SELECT e.EmployeeID, e.Title, e.FirstName, e.LastName, e.VacationHours, e.SickLeaveHours FROM dbo.Employees AS e WHERE e.VacationHours BETWEEN 21 AND 59 ;

In [ ]:

7d. If you did not use BETWEEN for 7c, do the same but use BETWEEN. If you did use BETWEEN for 7c, do it another way.

SELECT e.EmployeeID, e.Title, e.FirstName, e.LastName, e.VacationHours, e.SickLeaveHours FROM dbo.Employees AS e WHERE e.VacationHours > 20 AND e.VacationHours < 60 ;

In [ ]:

Grouping

1a. What is the earliest birthdate for all employees?

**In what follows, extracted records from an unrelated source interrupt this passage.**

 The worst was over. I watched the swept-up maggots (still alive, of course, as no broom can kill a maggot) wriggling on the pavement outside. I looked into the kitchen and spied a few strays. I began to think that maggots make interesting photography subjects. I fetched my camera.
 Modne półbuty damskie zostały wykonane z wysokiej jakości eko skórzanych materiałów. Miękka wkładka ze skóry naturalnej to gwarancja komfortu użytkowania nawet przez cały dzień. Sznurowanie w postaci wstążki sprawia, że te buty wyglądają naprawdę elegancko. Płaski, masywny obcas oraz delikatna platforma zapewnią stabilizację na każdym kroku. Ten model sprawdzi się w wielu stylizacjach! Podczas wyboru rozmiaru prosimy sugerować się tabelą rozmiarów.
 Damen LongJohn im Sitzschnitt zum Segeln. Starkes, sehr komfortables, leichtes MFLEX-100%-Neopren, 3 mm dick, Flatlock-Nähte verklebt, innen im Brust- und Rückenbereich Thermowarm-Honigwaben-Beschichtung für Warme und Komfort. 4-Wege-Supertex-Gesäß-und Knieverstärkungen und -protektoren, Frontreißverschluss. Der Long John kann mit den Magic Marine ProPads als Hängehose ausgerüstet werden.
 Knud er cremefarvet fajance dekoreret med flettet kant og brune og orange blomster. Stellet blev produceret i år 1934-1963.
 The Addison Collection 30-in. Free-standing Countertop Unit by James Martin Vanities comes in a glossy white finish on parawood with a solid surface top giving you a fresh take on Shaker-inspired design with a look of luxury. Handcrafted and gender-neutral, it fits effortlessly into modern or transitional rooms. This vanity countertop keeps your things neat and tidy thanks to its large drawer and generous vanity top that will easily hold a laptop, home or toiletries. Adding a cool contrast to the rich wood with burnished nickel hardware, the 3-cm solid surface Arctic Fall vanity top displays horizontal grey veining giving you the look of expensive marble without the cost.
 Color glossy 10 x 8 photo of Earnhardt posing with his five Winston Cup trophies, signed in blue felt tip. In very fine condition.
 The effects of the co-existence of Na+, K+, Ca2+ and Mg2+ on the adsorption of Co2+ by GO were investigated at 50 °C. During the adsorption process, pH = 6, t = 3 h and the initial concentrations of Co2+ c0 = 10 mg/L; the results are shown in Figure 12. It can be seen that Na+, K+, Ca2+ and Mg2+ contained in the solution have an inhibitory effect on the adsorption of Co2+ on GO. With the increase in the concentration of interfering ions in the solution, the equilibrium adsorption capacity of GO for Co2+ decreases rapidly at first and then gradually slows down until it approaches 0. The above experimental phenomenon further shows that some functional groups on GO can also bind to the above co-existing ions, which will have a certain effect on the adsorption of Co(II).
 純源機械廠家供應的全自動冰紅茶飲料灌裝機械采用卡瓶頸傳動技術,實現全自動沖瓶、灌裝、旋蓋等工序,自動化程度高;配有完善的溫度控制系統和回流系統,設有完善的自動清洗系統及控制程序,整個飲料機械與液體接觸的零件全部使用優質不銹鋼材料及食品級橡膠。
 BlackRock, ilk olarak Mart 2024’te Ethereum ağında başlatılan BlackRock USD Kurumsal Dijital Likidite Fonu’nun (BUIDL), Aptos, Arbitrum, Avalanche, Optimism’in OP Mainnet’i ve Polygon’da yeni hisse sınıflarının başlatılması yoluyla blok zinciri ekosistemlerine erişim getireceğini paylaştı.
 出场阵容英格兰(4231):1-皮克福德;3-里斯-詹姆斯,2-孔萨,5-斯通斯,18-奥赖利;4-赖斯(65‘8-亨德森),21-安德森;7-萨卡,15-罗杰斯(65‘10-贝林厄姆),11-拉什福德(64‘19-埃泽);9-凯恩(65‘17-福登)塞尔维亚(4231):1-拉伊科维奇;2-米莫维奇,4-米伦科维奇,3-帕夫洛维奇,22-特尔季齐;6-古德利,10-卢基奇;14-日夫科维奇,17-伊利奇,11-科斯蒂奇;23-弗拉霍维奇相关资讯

SELECT MIN(e.BirthDate) FROM dbo.Employees AS e;

In [ ]:

1b. Add to the above, the most recent birthdate for all employees

SELECT MIN(e.BirthDate) AS 'Earliest Birthday', MAX(e.BirthDate) AS 'Most Reecent Birthday' FROM dbo.Employees AS e;

In [ ]:

1c. Show the above results broken down by gender

SELECT e.Gender, MIN(e.BirthDate) AS 'Earliest Birthday', MAX(e.BirthDate) AS 'Most Reecent Birthday' FROM dbo.Employees AS e GROUP BY e.Gender ;

In [ ]:

1d. Show the above results broken down by gender, and salaried/hourly

SELECT e.Gender, e.SalariedFlag, MIN(e.BirthDate) AS 'Earliest Birthday', MAX(e.BirthDate) AS 'Most Reecent Birthday' FROM dbo.Employees AS e GROUP BY e.Gender, e.SalariedFlag ;

In [ ]:

2a. What are the average vacation hours for all employees?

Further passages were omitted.